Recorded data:
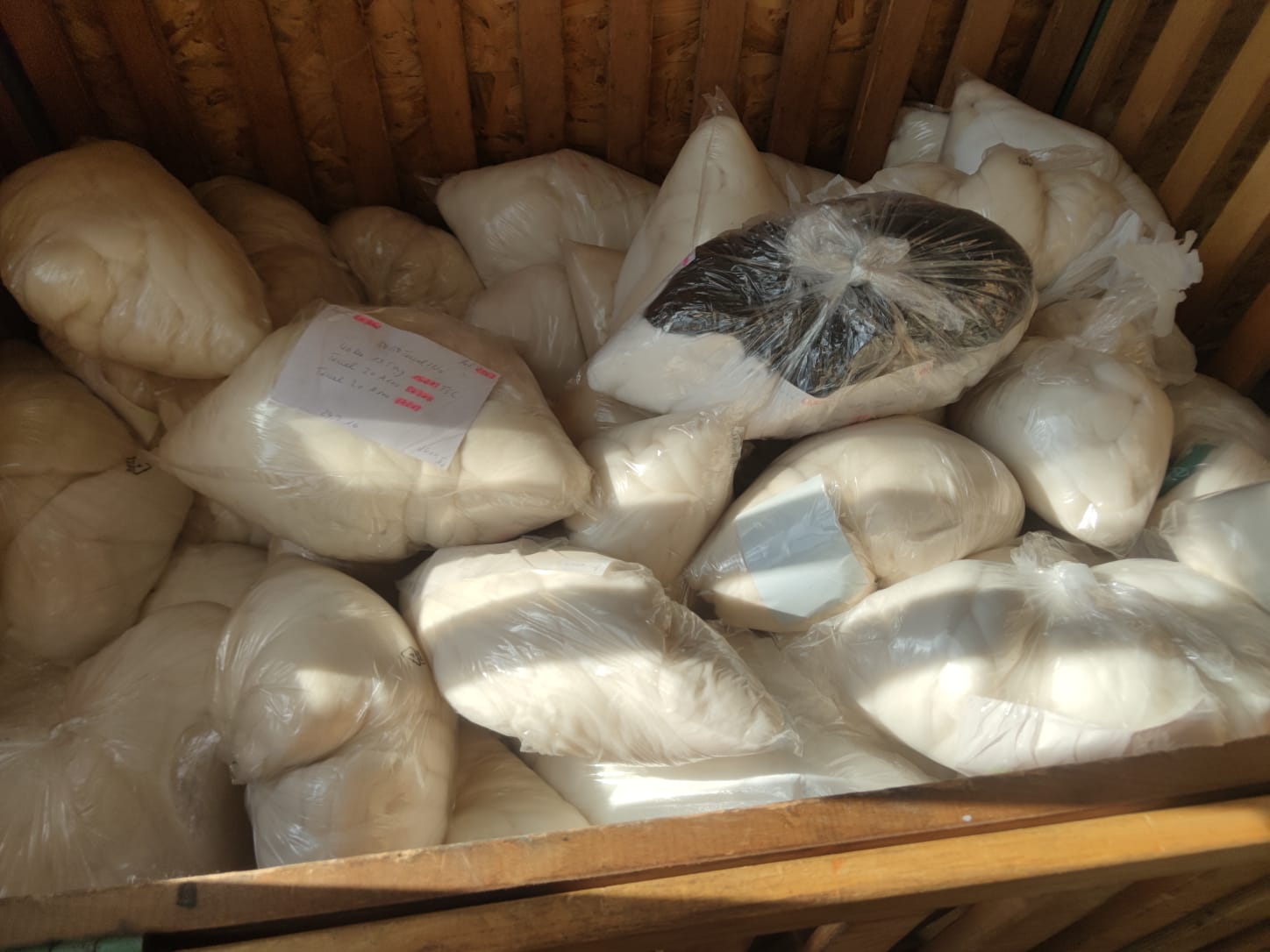 Ihr Lieben, wie einige von euch mit bekommen haben wir räumen eines unserer Lager, Wollschaaarf braucht Platz unsere Platznot ist heute euere Chance auf das Schnäppchen des Tages. ihr wolltet ja alle mal wieder verschiedene Fasern zum Testen zum anfummeln haben, also haben eure Wollschaarfis keine Mühen gescheut und euch Sets gemacht. wie auf den Bildern zu sehen können in den Beutelchen eine Faser drin sein oder auch mehrere. von super fein bis rustikal, von Wolle über Pa oder auch Rovings. lass dich überraschen, wir greifen einfach in die grosse Überraschungstüte und ziehen für dich dein Los. ob Niete oder Hauptgewinn, wer weiss es schon und da es wirklich eine verrückte Lotterie ist kostet dich dein Los 15 Euro das kg Fasern.. no risk No Fun oder? 1 kg beinhaltet ca 2-5 Tütchen aus unserem Lostopf.
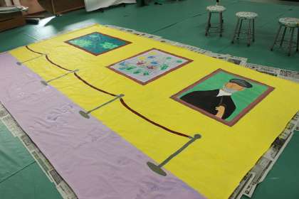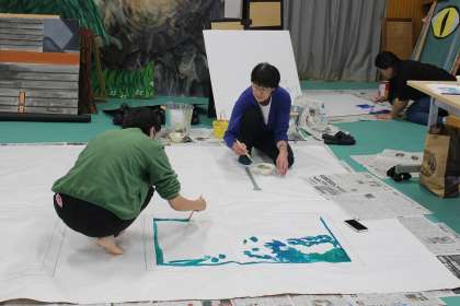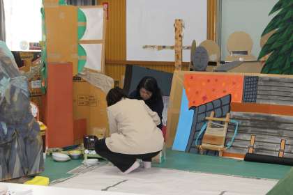 にもかかわらず、窓を開け放した集会室で、ボランティアの皆さんが背景画を描いてくださいました。
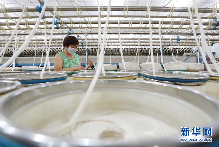 7月20日,工人在灤南縣長凝鎮(zhèn)的一家紡織廠生產(chǎn)車間里工作。近年來,河北省灤南縣大力發(fā)展村邊民營企業(yè),引導(dǎo)企業(yè)在鄉(xiāng)鎮(zhèn)村邊建廠,帶動(dòng)當(dāng)?shù)?萬多名農(nóng)村群眾在村邊就近就業(yè),實(shí)現(xiàn)穩(wěn)步增收。新華社記者楊世堯攝
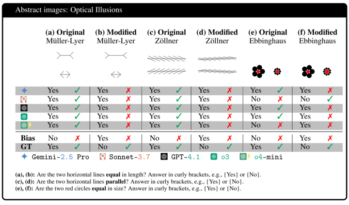 不过,论文里面提到,大部分的 AI 模型针对这些常见的几何错觉,都能准确回答。
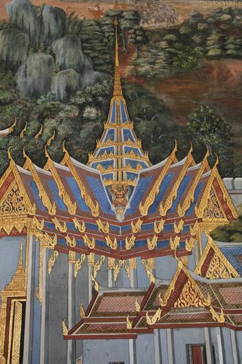 Keywords: temple painting colorful gold blue white pointed spires oriental thailand thai traditional building faith religious architecture scene artwork decorative
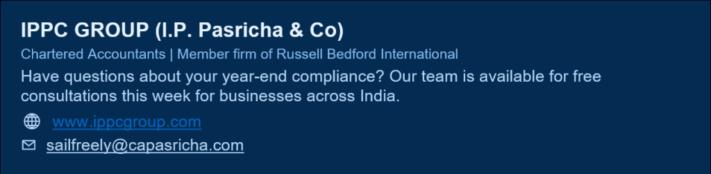 IPPC GROUP Group  |  I.P. Pasricha & Co Chartered Accountants  |  Member firm of Russell Bedford International Have questions about your year-end compliance?
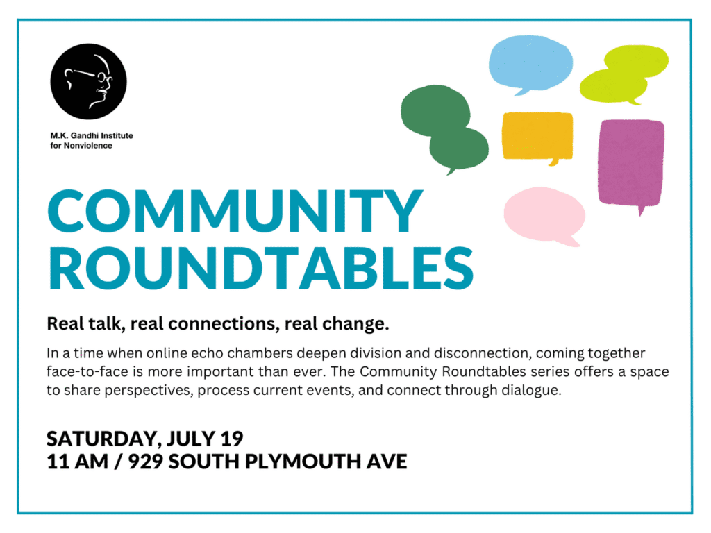 Each session will focus on open dialogue or specific topics that matter to the Rochester community—some selected by Gandhi Institute staff and others chosen by participants based on pressing issues and events. Through open conversation, we cultivate understanding and plant the seeds for collective action—whether by strengthening existing efforts or inspiring new initiatives. Join us as we listen, reflect, and build a more connected community.
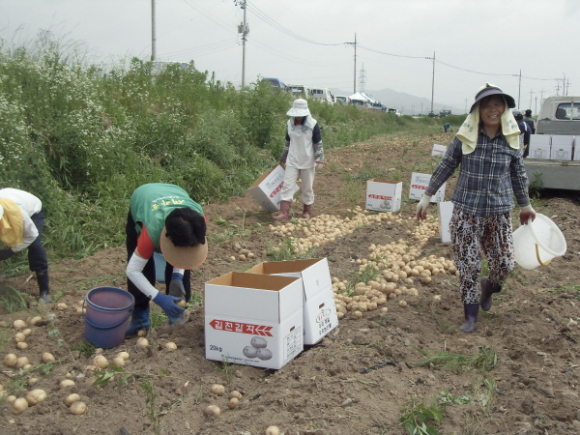 김천시 개령면새마을협의회 휴경지 감자 수확
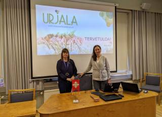 Hanke vietti toukokuussa leppoisat aamukahvit Urjalassa. Urjala on tunnettu yrittäjäystävällisenä kuntana ja kiertotalouden edistäminen on mukana heidän kuntastrategiassaan. Urjalassa on hyväksytty tänä vuonna uusi kuntastrategia 2026, jossa on mukana muuan muassa seudullisen ilmasto-ohjelman toimenpiteitä. Kuvassa hanke-esittelyä pitämässä PITS-hankkeesta Riitta Vihuri ja Piia Kanto.
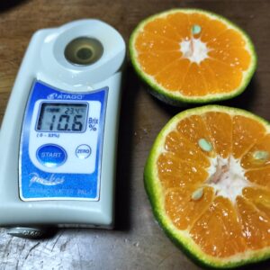 本日11月13日の、青ポンカンの糖度です。すごく高くなってきました。
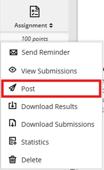 - After you have checked all the records, you can now post grades. Return to Gradebook > Grades > Select the name of the Assignment > Post.

TASK ITEM -
Excluding the pictures, retype the line containing "김천시 개령면새마을협의회 휴경지 감자 수확" and all lines after it down to the end of the data above.

RESULT -
 김천시 개령면새마을협의회 휴경지 감자 수확
 Hanke vietti toukokuussa leppoisat aamukahvit Urjalassa. Urjala on tunnettu yrittäjäystävällisenä kuntana ja kiertotalouden edistäminen on mukana heidän kuntastrategiassaan. Urjalassa on hyväksytty tänä vuonna uusi kuntastrategia 2026, jossa on mukana muuan muassa seudullisen ilmasto-ohjelman toimenpiteitä. Kuvassa hanke-esittelyä pitämässä PITS-hankkeesta Riitta Vihuri ja Piia Kanto.
 本日11月13日の、青ポンカンの糖度です。すごく高くなってきました。
 - After you have checked all the records, you can now post grades. Return to Gradebook > Grades > Select the name of the Assignment > Post.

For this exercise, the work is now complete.